= Desktop (word processor) =

Desktop is a WYSIWYG word processor for computers ZX Spectrum and compatible (e. g. Didaktik). It is a word processor of Czech origin, its author is Tomáš Vilím who used the name Universum as his author name. Distributor of the program was Proxima - Software.

Desktop is a very advanced word processor when compared with other ZX Spectrum word processors. It uses proportional fonts and it can use four different fonts in one document. However, it is not possible to use bold and italics as variants, every variant needs to use independent font.

The program was distributed with three supporting programs:
- Convertor - converter of text created in Tasword, D-Text, R-Text, D-Writer, and Textmachine into the Desktop format,
- Fonteditor - for editing fonts and writing headings, it can convert color images into grayscale images,
- Screen Top - for editing images up to dimensions of 512 by 384 pixels (2 by 2 screens of ZX Spectrum).

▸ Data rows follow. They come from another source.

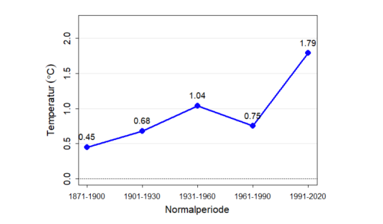 Rekonstruksjonen av normalperioden for 1871–1900 er basert på data fra 70 værstasjoner over hele Norge. Forskningen viser at den nasjonale gjennomsnittstemperaturen i denne perioden var 0,45 grader. I dag er gjennomsnittstemperaturen 1,79 grader.
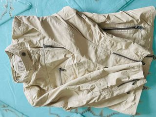 Chaqueta estilo motero en color beige. - Sin usar. - Cierre de cremallera. - Bolsillos con cremallera. - Solapas de muesca. - Puños con cremallera. - Pequeña mancha en la manga (prácticamente inapreciable)
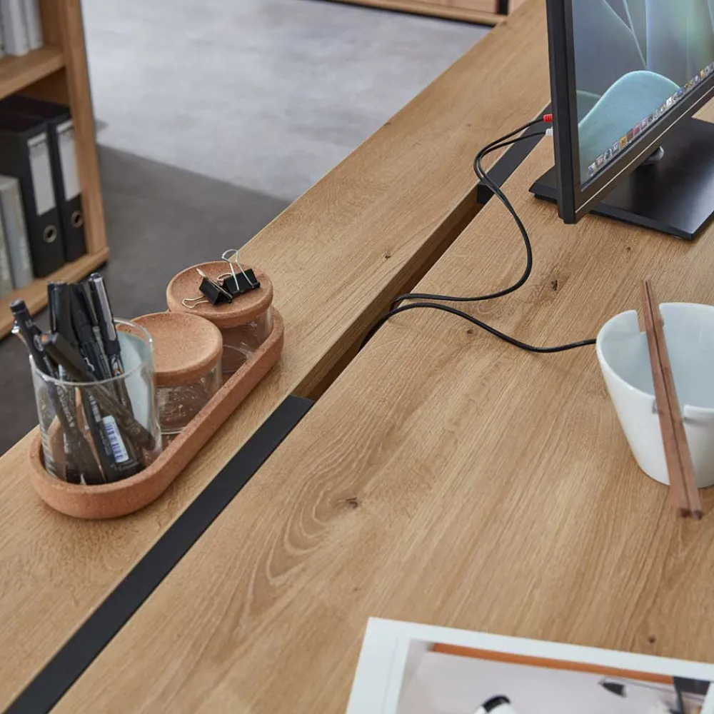 - Dieser moderne Eck-Schreibtisch in Wildeichefarben und Schwarz ist ein echter Hingucker

Several printers and plotters were supported for printing the text:
- plotter Minigraf Aritma 0507,
- plotters XY 4140, XY 4150, XY 4160,
- plotter Merkur Alfi,
- 1-pin dot matrix printer BT100,
- printer Gamacentrum 01,
- thermoprinter Robotron K6304,
- 9-pin dot matrix printers Epson FX, RX, LX, EX and compatible,
- 24-pin dot matrix printers Epson LQ and compatible.

The driver Ultra LQ was developed for better printing at Epson compatible printers; it prints the letters in the matrix of 16 by 24 points instead of original 8 by 12 points. The driver Ultra BT for better printing at BT100 printer existed too. These drivers were distributed as independent software packages.

Special version of Desktop with driver of D-100 printer existed, because D-100 was not compatible with Epson printers. Also a version supporting PRT 42G printer existed.

Four sets of supporting programs, drivers, fonts, images were developed and distributed under the names Klub uživatelů Desktopu 1 - 4 (in English Desktop user club 1 - 4).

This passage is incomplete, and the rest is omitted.